Bank of St Helena Ltd
- Company type: Limited company
- Industry: Financial services
- Founded: 1 April 2004
- Headquarters: Market Street, Jamestown, Saint Helena
- Area served: Saint Helena Ascension Island
- Key people: Michael Bird, Chairman Leeanne Henry, Managing Director
- Products: Banking
- Owner: Government of Saint Helena
- Number of employees: 42
- Website: https://www.sainthelenabank.com/

= Bank of St. Helena =

State bank

The Bank of St. Helena is a government-owned bank based in the British Overseas Territory of Saint Helena, Ascension and Tristan da Cunha. It operates branches on St. Helena and Ascension Island. The Government of St. Helena owns 100% of the bank which is operated as a parastatal. The governor then appoints the board of directors. The bank holds deposits of around SHP 73.2 million. On the asset side, lending accounts for SHP 16.5 million, and SHP 56.5 million is invested.

==Services==
The bank offers both current and savings accounts to personal customers, as well as business banking from its two offices, one in Jamestown, Saint Helena, and the other in Georgetown, Ascension Island.

The bank also offers services to tourists and others visiting Saint Helena and Ascension Island. These include currency exchange, encashment of traveller's cheques and providing cash advances on selected credit/debit cards.

The bank maintains a relationship with Lloyds Bank, allowing its customers to use their banking network for United Kingdom and international money transmission.

Current details of the bank's services are available on its website.

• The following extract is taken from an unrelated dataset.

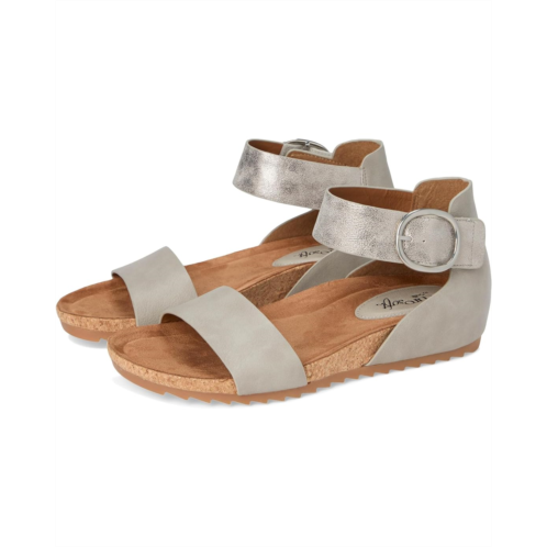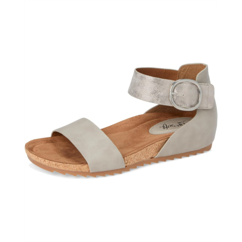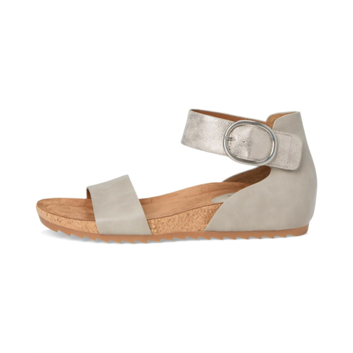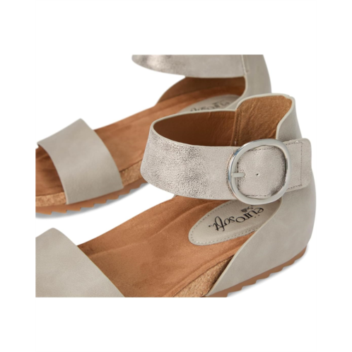 - The EuroSoft Ginney sandal combines practicality with contemporary charm. Featuring a two-piece upper for a sleek look, an adjustable ankle strap with hook-and-loop closure ensures a perfect fit with ease. The buckle accent adds a stylish touch, while the cork midsole offers both comfort and a natural aesthetic. With a flexible rubber outsole, these sandals are perfect for staying chic and comfortable all day.

==Money and banking on Saint Helena==

The currency commissioners, part of the government of Saint Helena, issue the island's banknotes and coins. The Bank of St. Helena is the island's only bank and the island does not have a central bank. The bank sets its own deposit and lending rates. As of April 2023 the maximum savings rate is 5.5% and the normal personal lending rate is 7%.

=== Online banking ===
Launched in 2014, online banking allows account holders to download statements, make local and international transfers, and set-up monthly journals. Business customers have additional features such as Direct Debit. Online banking is only available to customers with a personal or business current account, and is free of charge.

=== Local debit cards ===

Since 2017, local debit cards can be used to shop around St Helena without withdrawing cash. The cards have QR codes linked to the user's account and spending is debited instantly from the bank account. The cards are not accepted in all shops and stores around St. Helena, but are available to use in the large shopping outlets and most small businesses found around the island.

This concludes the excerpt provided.